IF HE is on the winning side this weekend, teenage centre Jack Broadbent could play in a final at Wembley before he makes his Leeds Rhinos debut.
Broadbent is on loan at his hometown club Batley Bulldogs who visit Sheffield Eagles on Sunday for an 1895 Cup semi-final.
The winners will face either Leigh Centurions or Widnes Vikings at Wembley immediately after next month’s Coral Challenge Cup final.
“Batley have made it clear that’s what they want to do, that’s what they have been talking about,” Broadbent said. “We are 80 minutes away.
“Probably for a few of the players it is going to be a once in a lifetime opportunity to play at Wembley and we are just going to give it everything we’ve got. It would be quite something to have on my reputation for the rest of my career.”
Eagles – whose assistant-coach is ex-Rhinos centre Keith Senior – play on an artificial pitch at Olympic Legacy Park and have had the upper hand over Bulldogs this year. Batley are also on the back of a defeat, 48-12 at Leigh last Sunday, but Broadbent reckons none of that will matter on Sunday.

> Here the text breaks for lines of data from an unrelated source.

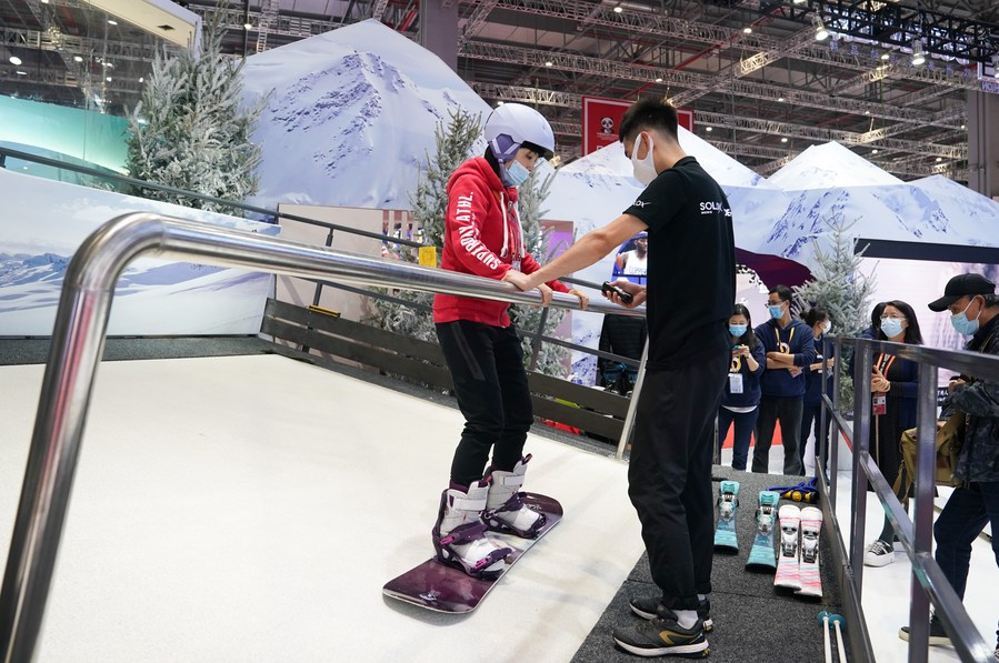 A visitor experiences skiing during the 4th China International Import Expo (CIIE) in east China's Shanghai, Nov. 5, 2021. (Xinhua/Ding Ting)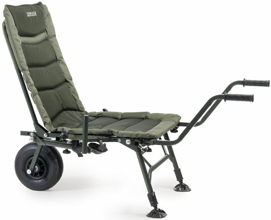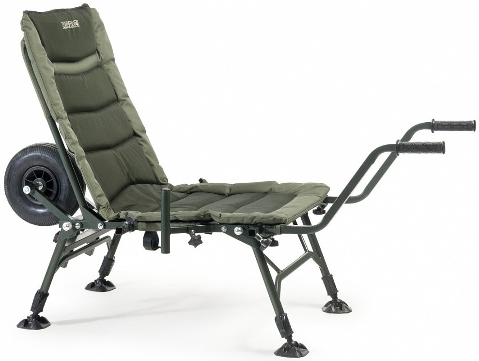 Четирите крака са телескопични и оборудвани с "extra large" подложки, за да не потъват в много кал. За няколко секунди столът може да се превърне в тролей (количка) с една надуваема колело и две здрави и удобни дръжки. Столът се доставя с покривало, което може да покрие и предпази седалката, както и с адаптер за аксесоари. Максималното натоварване на стола (тролея) е 150 кг.
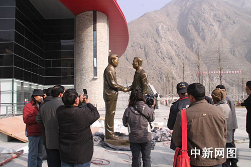 中新網汶川1月29日電(薛升玉 張瑤)1月29日上午,汶川縣體育館前鑼鼓陣陣,“咔嚓”的快門聲不斷,一尊高2.98米、寬1.68米、厚0.94米的“胡主席和溫總理在災區(qū)”大型雕塑吸引了許多過往群眾駐足留影。這尊由陜西省大荔縣宣傳部捐贈的大型雕塑,將收藏到汶川縣禹羌博物館。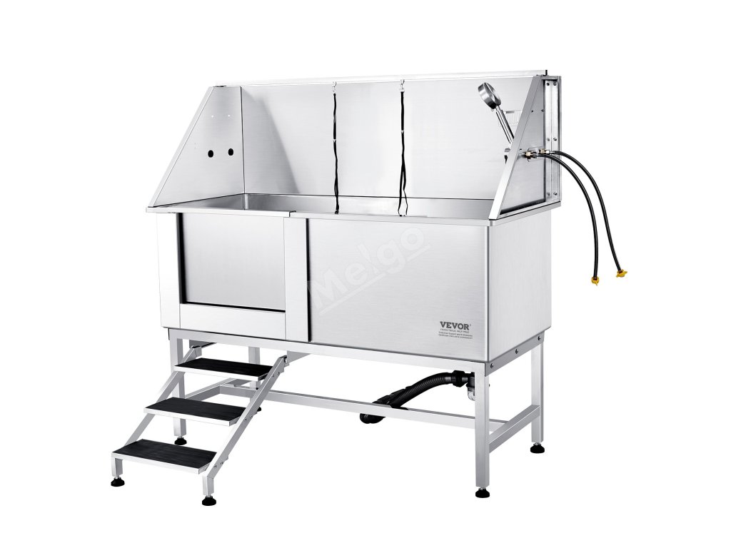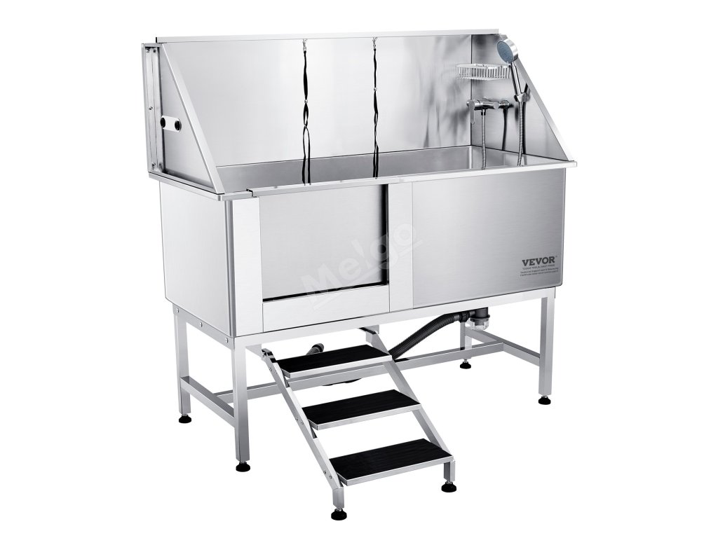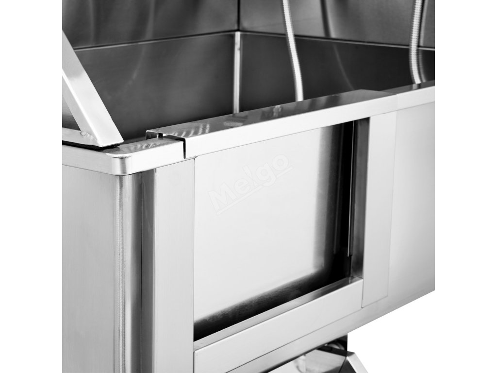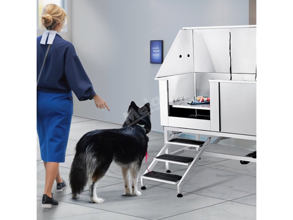 Lázeňská vana pro psy 1.57M nerez se schody, baterie a zásobník levé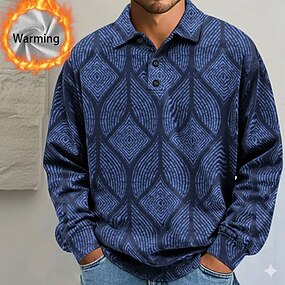 Herren Abstrakt Geometrisch Poloshirts Thermohemden Langarm Polo-Shirts Revers Lässig Athleisure Ferien Alltagskleidung 3D-Druck Herbst Winter Blau Purpur Braun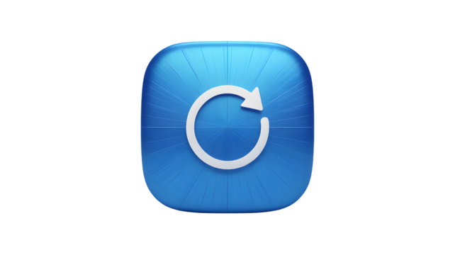 A blue icon with a white circular arrow on a black background

He said: “We have spoken about it, they have already beaten us twice convincingly this season, but that’s the motivation to get one back on them.
“We have been building, we didn’t start the first half against Leigh too good, but in the second half we started building for this week. That’s what our focus was as soon as the game had gone, to start preparing for this week. Our form in the cup has been really good and that’s what we are going to take into it.”
Broadbent, 17, scored a brace of tries for Yorkshire against Australian Schoolboys last year after helping Rhinos to the academy Grand Final. He had a spell on dual-registration with Featherstone Rovers earlier this season, scoring two tries in three appearances and has been with Batley since last month.
He played in Bulldogs’ golden-point extra-time win at York City Knights in an 1895 Cup quarter-final and is loving his experience at semi-professional level.
He said: “The coach Matt Diskin played at Leeds and it has been good playing under him and his systems. I played three games on the wing for Featherstone and at Batley I have been in the centres, which is my position, so that has been really good.
“I am learning every week, it has been a massive step up from academy rugby and hopefully it closes the gap between the academy and first team and gets me ready to play for Leeds’ first team. That’s what I want to do and hopefully I will get a chance.”
Rhinos’ academy coaches Rob Burrow and Jonny Wainhouse have been keeping a close eye on Broadbent’s progress at Batley.
“They have been really good,” Broadbent said. “I’ve not been there, but they have still been catching up with me on my game every week. Even though I am not training with them they are still helping me develop and get better.”
Broadbent has time on his side, but can also take inspiration from one of Rhinos’ current first-choice centres, Harry Newman, who – at 19 – has established himself this year after starring in the Championship for Featherstone during 2018.